Monday, Jun. 27, 1977

Darkening Storm over Gulf

Few U.S. corporations have been so badly tarred by revelations of illegal political contributions at home and questionable payments abroad as Gulf Oil Corp. Since those dark days a year and a half ago, Gulf had seemed to make considerable progress in restoring its reputation. Among other things, it ousted Chairman Bob Dorsey and replaced him with Jerry McAfee, who had run its Canadian oil subsidiary and had no connection with the payoffs. Yet last week the Pittsburgh-based multinational was enmeshed in a new web of scandal--especially concerning a uranium price-fixing cartel that it had joined with McAfee's awareness.

That was not Gulfs only problem. A federal grand jury in Pittsburgh last week also indicted two Gulf executives, Vice President Fred W. Standefer and Tax Compliance Manager Joseph F. Fitzgerald, on charges of bribing an Internal Revenue Service agent who audited Gulfs books. According to the indictment, Gulf paid $3,300 in air fares, lodging and other perks, to send the tax man, Cyril J. Niederberger, and his family on five vacation trips to such places as Pebble Beach, Calif., and Las Vegas. Niederberger has already been convicted for his part in the scandal and is appealing a six-month jail sentence. During his trial the Government charged that Niederberger greatly underestimated the amount Gulf paid to political candidates.

Serious as the bribery charges were, they are far overshadowed by the uranium cartel. Gulf, through its Canadian mining subsidiary, was the only U.S.-affiliated member. Other participants were the governments of Canada, France, Australia and South Africa, a string of major uranium-producing companies in those countries and an English-based mining company, Rio Tinto-Zinc. According to a stack of sensitive Gulf and Canadian government documents--subpoenaed by a House Commerce subcommittee and made public last week --the cartel was highly organized, with a paid secretariat in Paris and detailed rules for 5 rigging bids, allocating markets and driving up prices.

Though the cartel existed only from 1972 to 1975, it appears to have hit a jackpot. During that period world uranium prices exploded from $6 a pound to more than $40; they are still around that level.

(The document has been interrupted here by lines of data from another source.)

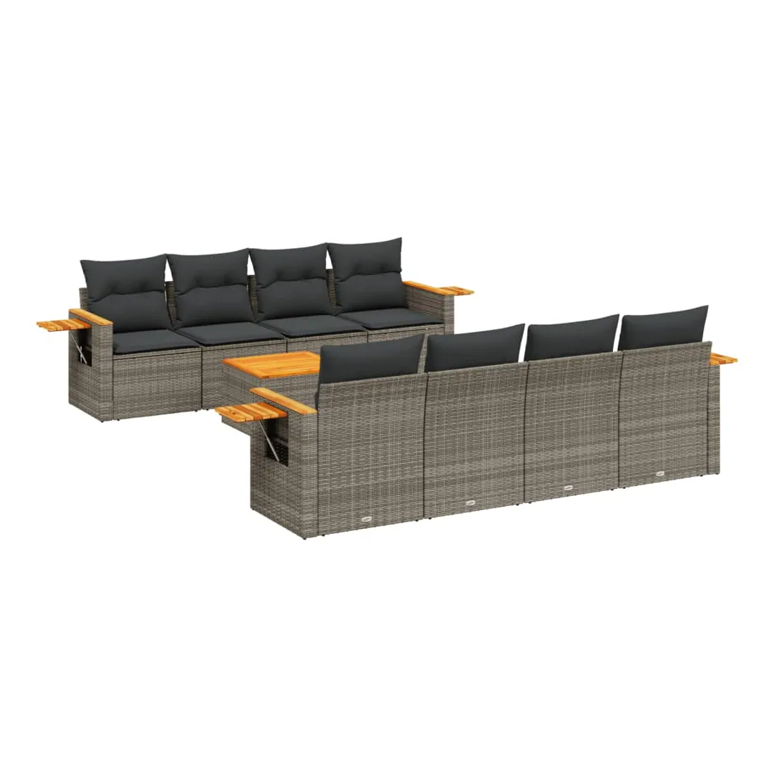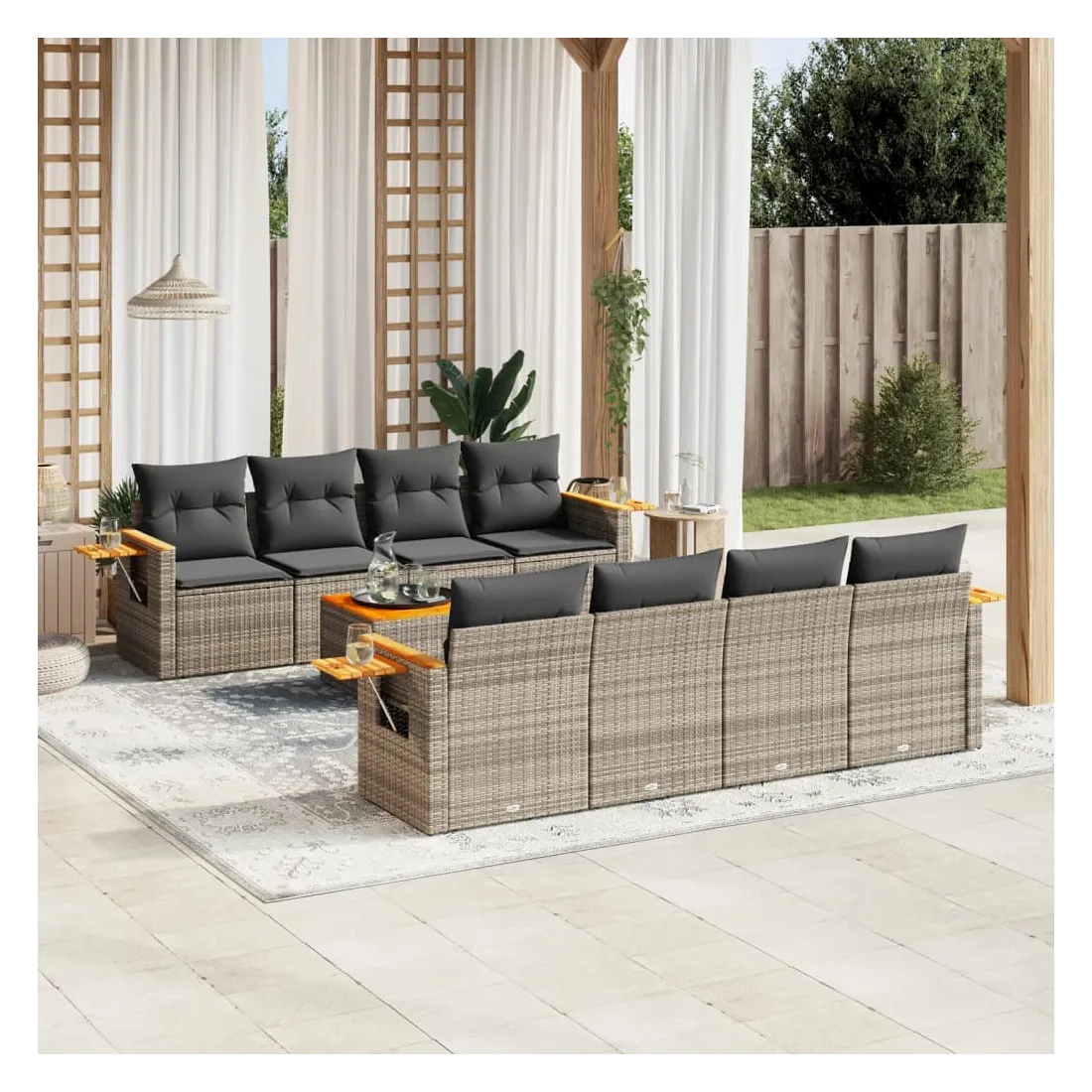 Cet ensemble de canapés de jardin est le complément parfait de votre arrière-cour, terrasse ou patio, offrant un espace confortable et accueillant pour discuter avec la famille et les amis ou simplement se détendre et profiter de l'extérieur. Matériau durable : la résine tressée, également connue sous le nom de poly rotin, est un matériau synthétique solide et nécessitant peu d'entretien qui ressemble au rotin naturel. Il est léger, facile à nettoyer et couramment utilisé pour les meubles d'extérieur en raison de sa durabilité et de ses propriétés de résistance aux intempéries.Fonction de rangement avec sac résistant à l'eau : le mobilier de jardin dispose d'un espace de rangement sous l'assise, complété par un sac résistant à l'eau pour ranger coussins, jouets et autres objets. Le sac intérieur peut être solidement fixé au mobilier d'extérieur grâce à des attaches auto-agrippantes pour plus de stabilité.Table d'appoint pratique : ce mobilier d'extérieur comprend une table d'appoint pliable avec un ressort à gaz sur les accoudoirs, offrant un endroit pratique pour garder vos essentiels à portée de main.Housse amovible et lavable : ces coussins de siège sont dotés de housses amovibles pour un lavage et un entretien faciles.Conception modulaire : cet ensemble de meubles d'extérieur a une conception modulaire, ce qui le rend complètement flexible et facile à déplacer, afin que vous puissiez créer un agencement de meubles d'extérieur personnalisé. Bon à savoir :Pour que vos meubles d'extérieur restent beaux, nous vous recommandons de les protéger avec une housse imperméable.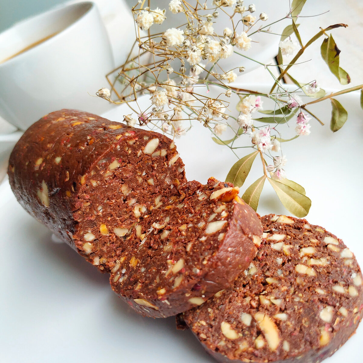 Эта шоколадная колбаса – отличный вариант для тех, кто следит за своим питанием, но не хочет отказываться от сладостей. Она подходит для людей, избегающих муку, сахар, а также лактозу и глютен, что делает её идеальным выбором для всех, кто ищет полезные и вкусные десерты.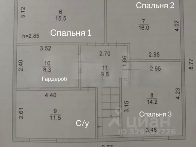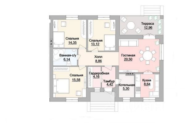 Второй этаж: три спальных комнаты разного метража, холл - гардеробная.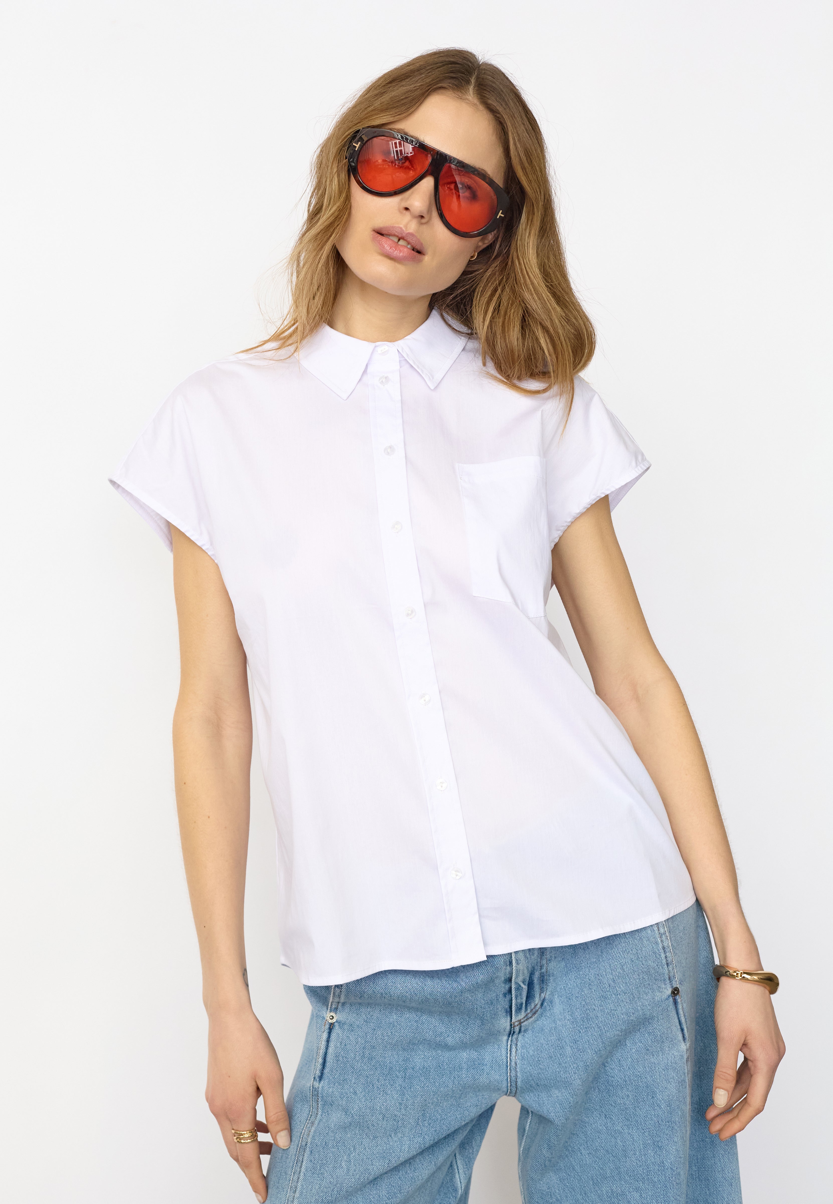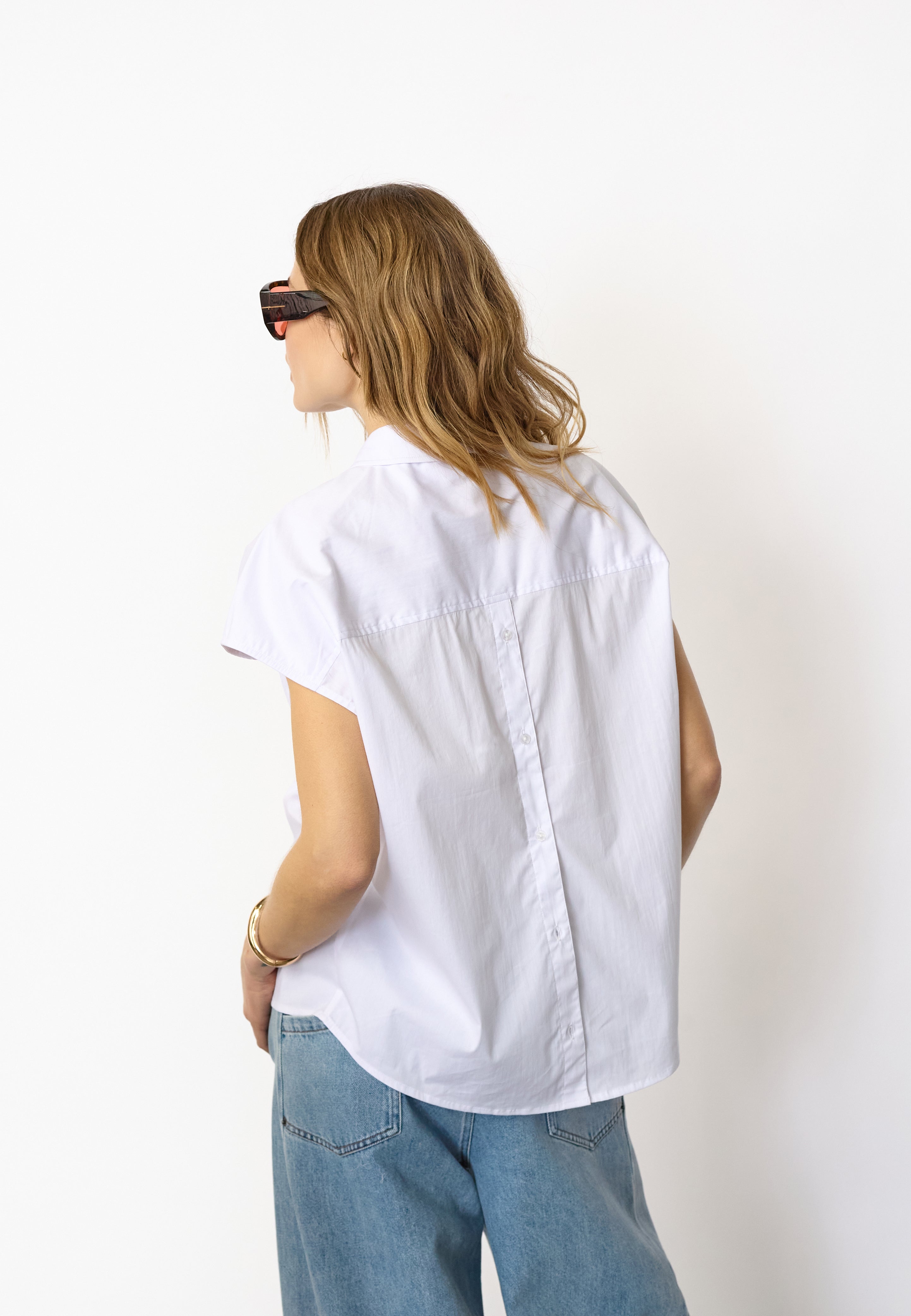 ElaraCC Slit Back SS Shirt - White

One consequence of the price rise was that Westinghouse Electric Corp. in 1975 reneged on contracts it had made with 27 U.S. utilities to supply them with uranium for their reactors at an average price of $9.50 a pound for 20 years. The utilities sued Westinghouse and the matter is still before the courts. Westinghouse in turn sued 29 uranium producers, including Gulf, charging them with price fixing. A Washington grand jury began investigating last year after the Justice Department, which is also probing the matter, received a number of Gulf documents. If an antitrust case against the producers could be made to stick, Westinghouse's legal justification for scrapping its contracts would be greatly strengthened.

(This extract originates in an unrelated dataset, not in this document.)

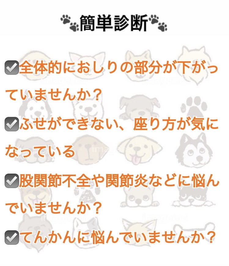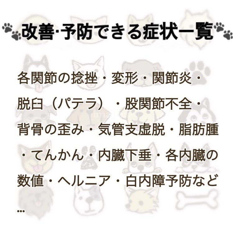 そして犬に多く見られる脱臼や股関節不全、パテラといった症状のある歩けなくなってしっまた子たちも歩けるまでのケアをしていきたいと思っています。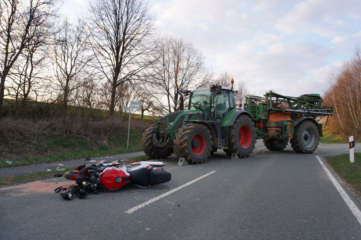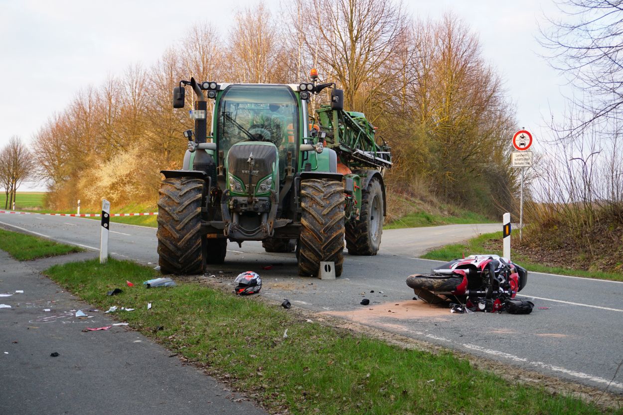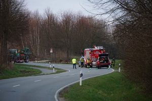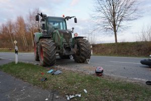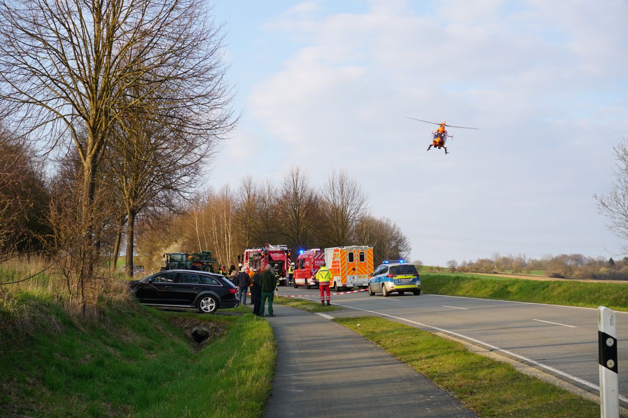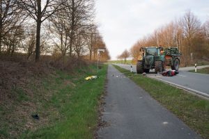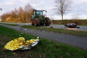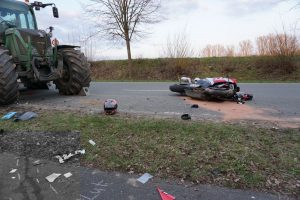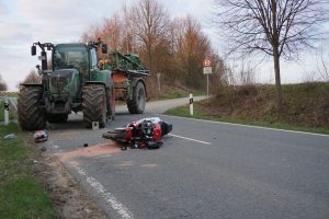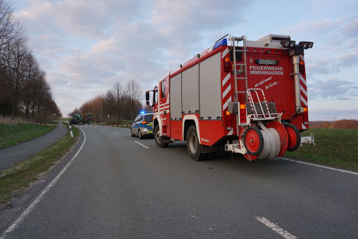 Immenhausen – Am Ostersonntag kam es auf der L3386 zwischen Mariendorf und Immenhausen zu einem schweren Verkehrsunfall. Nach bisherigen Informationen, fuhr gegen 18 Uhr ein Traktor aus einem Feldweg heraus und bog auf die Landstraße ein. Dabei übersah er wohlmöglich eine Motorradfahrerin von Immenhausen kommend. Bei dem Zusammenstoß wurde die Motorradfahrerin schwer verletzt und musste mit dem Rettungshubschrauber Christoph 7 in ein Krankenhaus geflogen werden. Der Traktorfahrer wurde nicht verletzt. Ein Unfallgutachter wurde in die Ermittlungen hinzugezogen. Die Landstraße musste für mehrere Stunden voll gesperrt werden. Neben Rettungsdienst und Polizei war auch die Feuerwehr aus Immenhausen im Einsatz.

The disclosure of the documents by the subcommittee was protested by embarrassed Gulf officials. McAfee and other Gulf executives have contended that Gulf was in effect pressured by the Canadians to join the cartel under an implied threat of being run out of Canada. Congressman Albert A. Gore Jr., a Tennessee Democrat, sarcastically told McAfee: "You say that Gulf Oil was some kind of corporate Patty Hearst, you were forced to do this." A former Gulf official, L.T. Gregg, testified that he had helped to draft a letter that went out on Canadian government stationery asking Gulf to join the cartel. Other papers, the subcommittee contends, portray Gulf as a willing, even eager, participant. A Gulf representative helped draw up the cartel's rules, and Gregg conceded that he had proposed one specific price increase.

No Effect. Gore also knocked a hole in Gulfs contention that the cartel's actions had no effect on prices in the U.S., which produces almost all of its own uranium. The Congressman asked S.A. Zagnoli, president of Gulf Mineral Resources Co., whether the cartel's boosting of world prices was "effective in raising the prices for all U.S. utilities that purchased supplies of uranium in foreign markets." After some hedging, Zagnoli conceded that "to the extent that U.S. utilities bought overseas, they probably paid a higher price." The points are important: Gulf would be subject to U.S. antitrust action only if its participation in the cartel was voluntary and the cartel's actions had an impact on U.S. commerce.

The subcommittee's hearings are already making waves abroad. Last week Canadian Finance Minister Donald Macdonald called on President Carter to halt any further congressional investigations into the cartel. Ottawa contends that it helped set up the cartel in order to defend Canadian miners against "predatory" tactics of American uranium producers, who it contends were selling uranium at "loss-leader" prices. At the time the cartel was formed, the U.S. accounted for 70% of the world market, and imports from Canada and other foreign countries were banned.

At week's end the subcommittee's chairman, John E. Moss, a California Democrat, said the entire matter might be turned over to the Justice Department to determine whether Gulf broke any U.S. laws. In addition, the evidence now being gathered on Gulfs actions will provide potent ammunition for Congressmen who want to force the oil companies out of nonpetroleum energy fields.